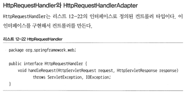 서블릿 인터페이스와 비슷하다. 실제로 HttpRequestHandler는 서블릿처럼 동작하는 컨트롤러를 만들기 위해 사용한다. 전형적인 서블릿 스펙을 준수할 필요없이 HTTP 프로토콜을 기반으로 한 전용 서비스를 만들려고 할 때 사용할 수 있다.
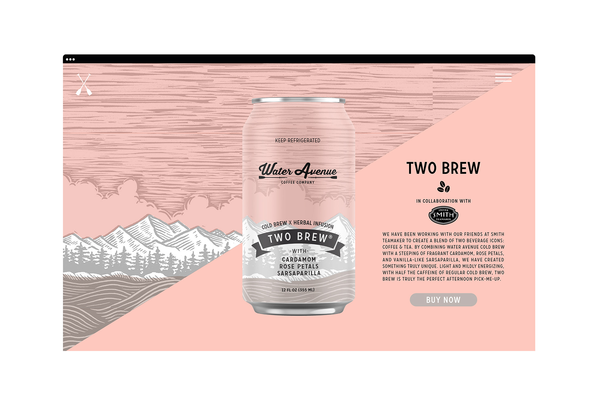 I worked with Water Avenue Coffee Company on designing their ready-to-drink canned beverage line. It included their Cascara Soda, Cold Brew, and Two Brew™. Each can design and color palette was inspired by the ingredients in mind while staying true to Water Avenue’s love of the outdoors and “old school” aesthetics.
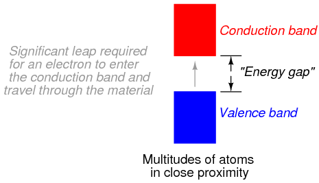Band overlap will not occur in all substances, no matter how many atoms are close to each other. In some substances, a substantial gap remains between the highest band containing electrons (the so-called valence band) and the next band, which is empty (the so-called conduction band). See Figure below. As a result, valence electrons are “bound” to their constituent atoms and cannot become mobile within the substance without a significant amount of imparted energy. These substances are electrical insulators.
● ● ●
*Exercise directions*. Your copy should match the data exactly, apart from the images, which are dropped.

*Answer section*.
 서블릿 인터페이스와 비슷하다. 실제로 HttpRequestHandler는 서블릿처럼 동작하는 컨트롤러를 만들기 위해 사용한다. 전형적인 서블릿 스펙을 준수할 필요없이 HTTP 프로토콜을 기반으로 한 전용 서비스를 만들려고 할 때 사용할 수 있다.
 I worked with Water Avenue Coffee Company on designing their ready-to-drink canned beverage line. It included their Cascara Soda, Cold Brew, and Two Brew™. Each can design and color palette was inspired by the ingredients in mind while staying true to Water Avenue’s love of the outdoors and “old school” aesthetics.
Band overlap will not occur in all substances, no matter how many atoms are close to each other. In some substances, a substantial gap remains between the highest band containing electrons (the so-called valence band) and the next band, which is empty (the so-called conduction band). See Figure below. As a result, valence electrons are “bound” to their constituent atoms and cannot become mobile within the substance without a significant amount of imparted energy. These substances are electrical insulators.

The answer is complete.